BEGIN
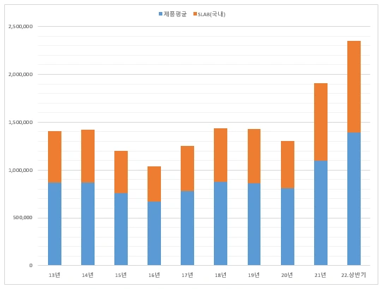 그러나 주력 상품인 인버티드 앵글의 경우 사실상 국내 시장의 경쟁사가 없습니다. 2013년까지 인버티드 앵글 시장은 현대제철과 화인베스틸이 양분하고 있었습니다. 그 이후 조선업 불황기에 현대제철은 생산 캐파를 축소했습니다. 화인베스틸도 42만 톤 생산규모를 유지한 채 추가 증설은 없었습니다.
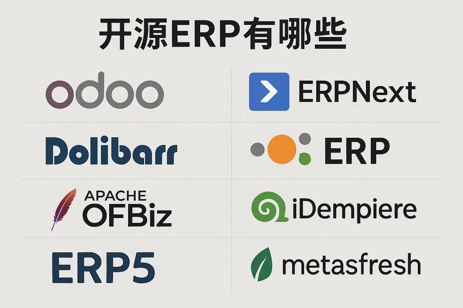 | Odoo | 模块丰富,界面友好,插件众多 | 中小及成长型企业 | Python | https://www.odoo.com/ |
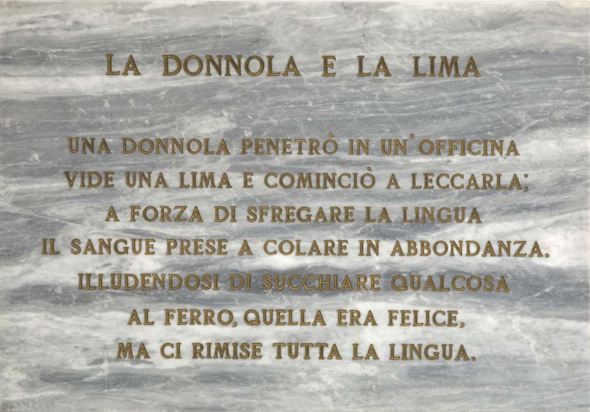 Le trenta opere esposte testimoniano l’eclettismo artistico di Salvo e ne delineano i tratti peculiari: la vivace ironia, il gusto per la provocazione e il gioco, tipici degli anni torinesi, fino allo smisurato amore per la pittura, che come lui stesso affermò “lo conquistò letteralmente”, accompagnandolo dal periodo dell’Arte Povera al concettualismo d’ispirazione americana fino agli ultimi anni di significativo ritorno al paesaggio e alla figura umana.
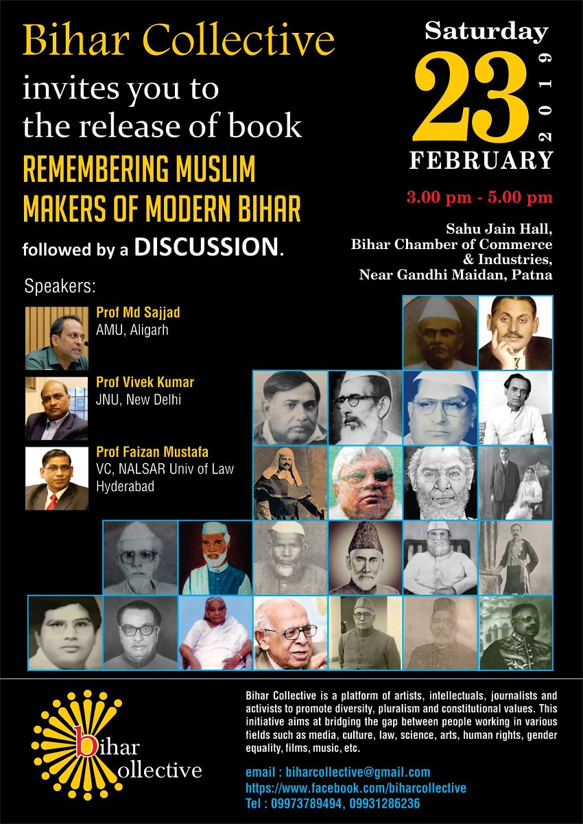 The booklet titled Remembering Muslim Makers of Modern Bihar has been compiled and edited by renowned academician and writer Prof. Mohammad Sajjad on the initiative of Bihar Collective.
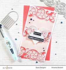 This die set features an elegant spiral motif and is comprised of two layers. The double-layer detail takes this piece of paper art to a whole new level of elegance and beauty. It will be great to use it as a border, a background, or even the focal point of your projects.
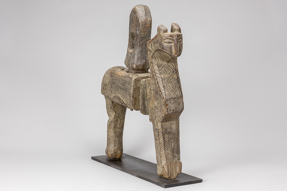19th Cent. Western Himalayan spaghetti-maker in a local hardwood with animal features with human face, where clear iconographic influences from Macedonian art can be seen, probably a result of Alexander the Great’s conquests in these areas
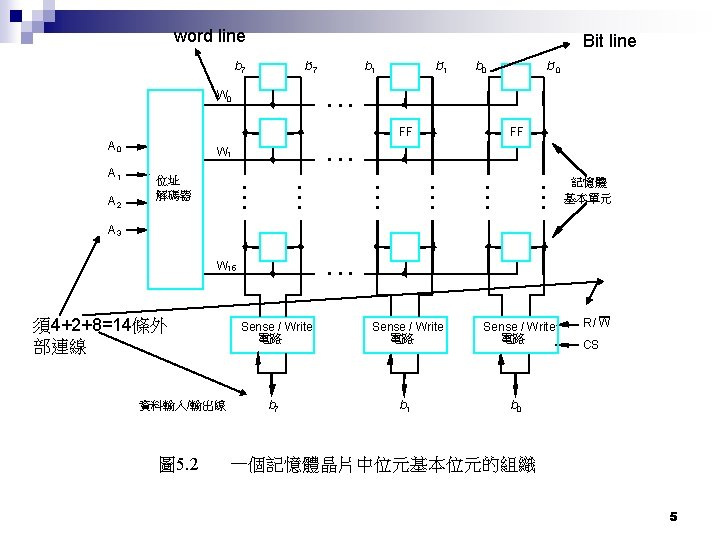 Access time vs cycle time n Memory access time ¨ n Memory cycle time ¨ n n A measurement of how quickly two back-to-back accesses of a memory chip can be made Cycle time > access time due to latency between successive memory accesses DRAM (For construct Main memory) ¨ ¨ n A measurement of single access time - 50 to 150 nanoseconds require a pause (refresh) between back-to-back accesses SRAM (For construct Cache memory) ¨ ¨ access time - 10 nanoseconds no pause between back-to-back accesses 4
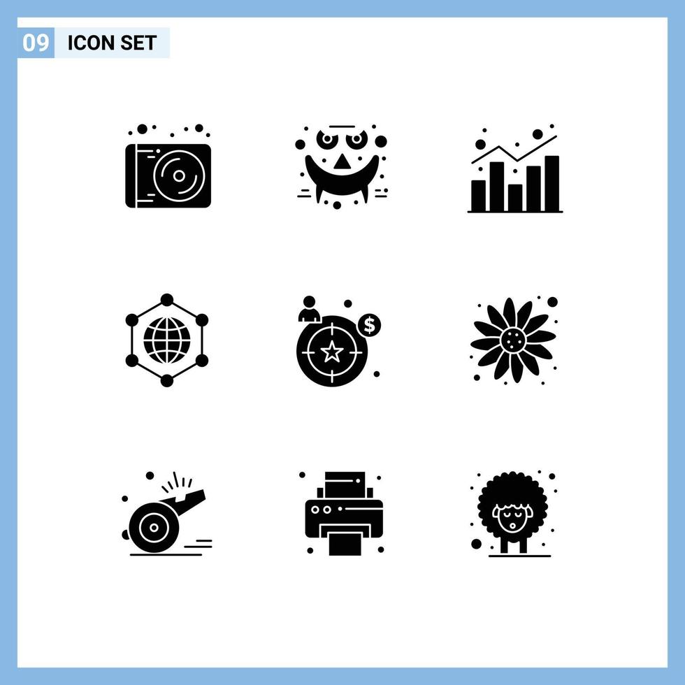 Pictogram Set of 9 Simple Solid Glyphs of customer internet analytics globe statistics Editable Vector Design Elements
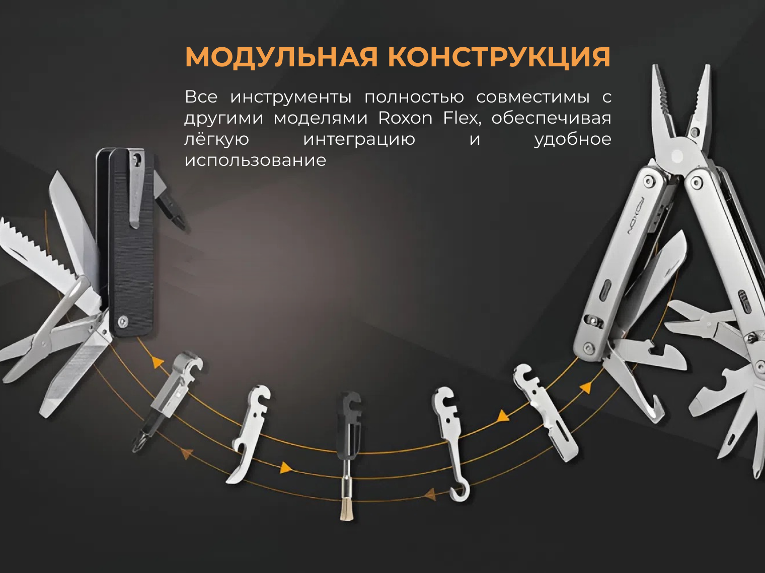 Мультитул полностью совместим с экосистемой Roxon FLEX (кроме встроенного 1/4″ битодержателя). Он поставляется с предустановленными 6 базовыми инструментами, 2 бонусными дополнениями, а также фиксированным магнитным битодержателем 1/4″ с битой PH.
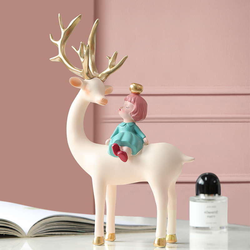 麋鹿女孩创意摆件轻奢玄关收纳客厅电视酒柜家居饰品乔迁新居礼品
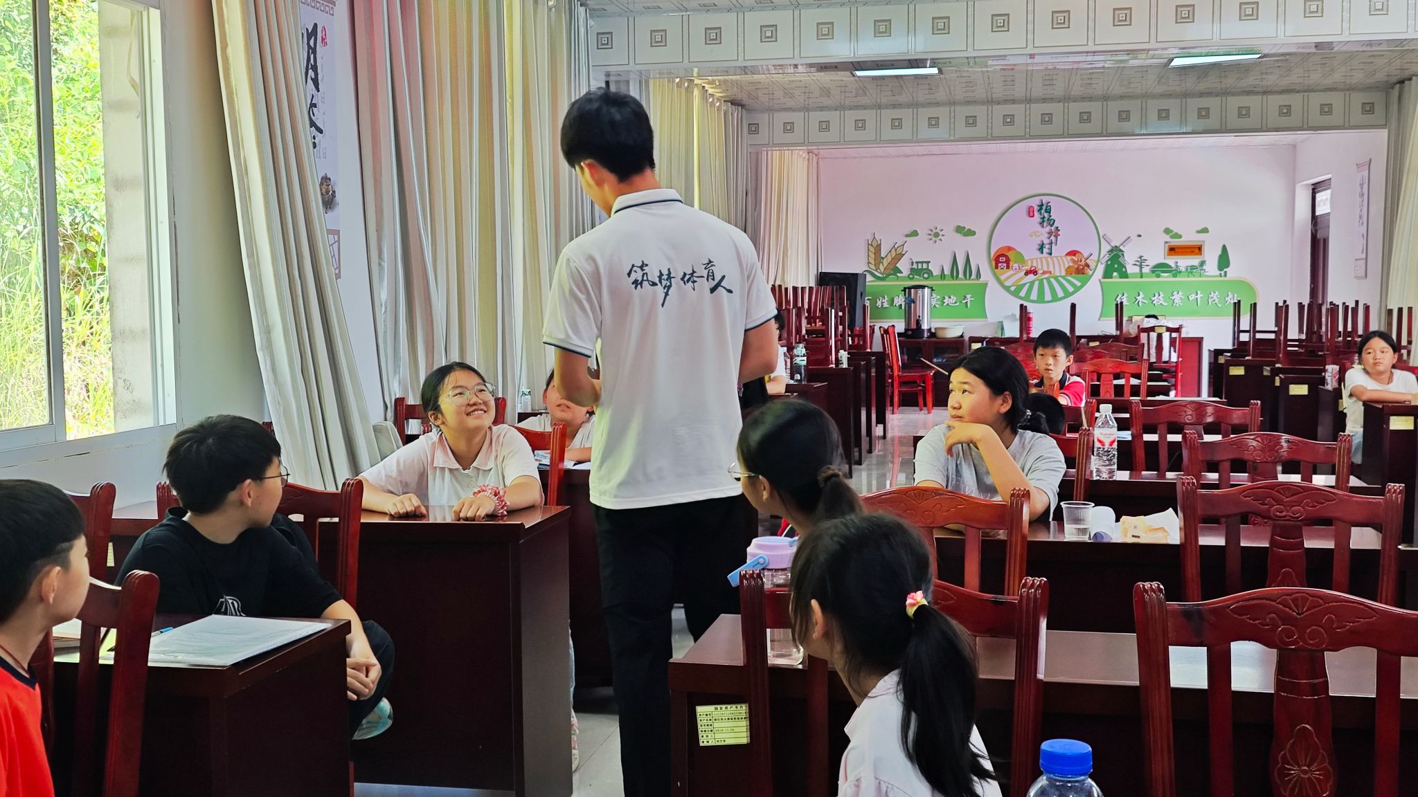“灯火里的中国,青春婀娜;灯火里的中国,胸怀辽阔……”教室里,20余名孩子在王翦的带领下,齐声唱响《灯火里的中国》。窗外是连绵青山,窗内是孩子们眼中的光,与歌词里的“灯火”交相辉映。这堂特殊的音乐课是“乡音传情”,也是此次支教珍贵的一部分,实践队成员们运用歌声的旋律来表达对祖国的热爱,让孩子们从歌声中感受时代的发展,那些对祖国未来的憧憬也正随着歌声在孩子们的心中慢慢生长。那些回荡在山谷里的旋律,正像点点灯火,照亮着孩子们对家国的懵懂认知。
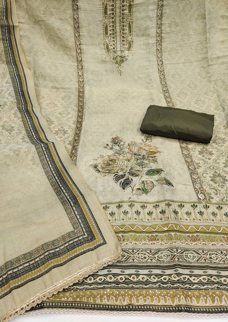 | Product Name | Green Cotton Silk Embellished Unstitched Dress Material | |
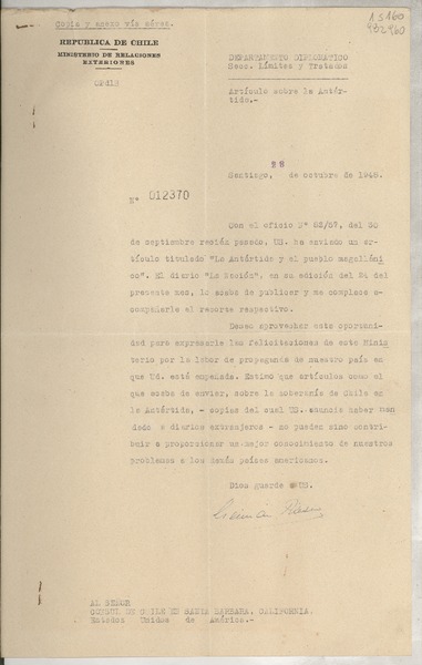 [Memorandum] N° 012370, 1948 oct. 28, Santiago, [Chile] [al] Señor Cónsul de Chile en Santa Bárbara, California, Estados Unidos de América [manuscrito] Germán Riesco.
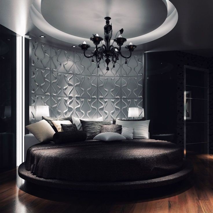 Если вы выберете черные шторы или оконные покрытия, тогда свет из окна будет выделяться и казаться намного ярче из-за сильного контраста. Продолжите декор сочетанием черного пола, который безупречно контрастирует с белой кроватью на платформе.Смягчите образ мягким изголовьем и декоративной люстрой.
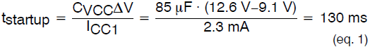 在发生过载或FB引脚悬空时,要进入错误模式,此时有130ms的判定时间。如果要使用1271错误模式的功能,则需要保证在130ms内,依靠VCC上的电容能让1271正常工作。假定正常工作时VCC的电压为12.6V,则需要让1271在130ms内VCC的电压高于9.1V。65K频率的1271功耗为2.3mA左右,因此:
END
* Exercise prompt *
Could you set down, exactly as written, every line from the start of the records above through the line containing "Le trenta opere", leaving the pictures out?

* Reply to the exercise *
 그러나 주력 상품인 인버티드 앵글의 경우 사실상 국내 시장의 경쟁사가 없습니다. 2013년까지 인버티드 앵글 시장은 현대제철과 화인베스틸이 양분하고 있었습니다. 그 이후 조선업 불황기에 현대제철은 생산 캐파를 축소했습니다. 화인베스틸도 42만 톤 생산규모를 유지한 채 추가 증설은 없었습니다.
 | Odoo | 模块丰富,界面友好,插件众多 | 中小及成长型企业 | Python | https://www.odoo.com/ |
 Le trenta opere esposte testimoniano l’eclettismo artistico di Salvo e ne delineano i tratti peculiari: la vivace ironia, il gusto per la provocazione e il gioco, tipici degli anni torinesi, fino allo smisurato amore per la pittura, che come lui stesso affermò “lo conquistò letteralmente”, accompagnandolo dal periodo dell’Arte Povera al concettualismo d’ispirazione americana fino agli ultimi anni di significativo ritorno al paesaggio e alla figura umana.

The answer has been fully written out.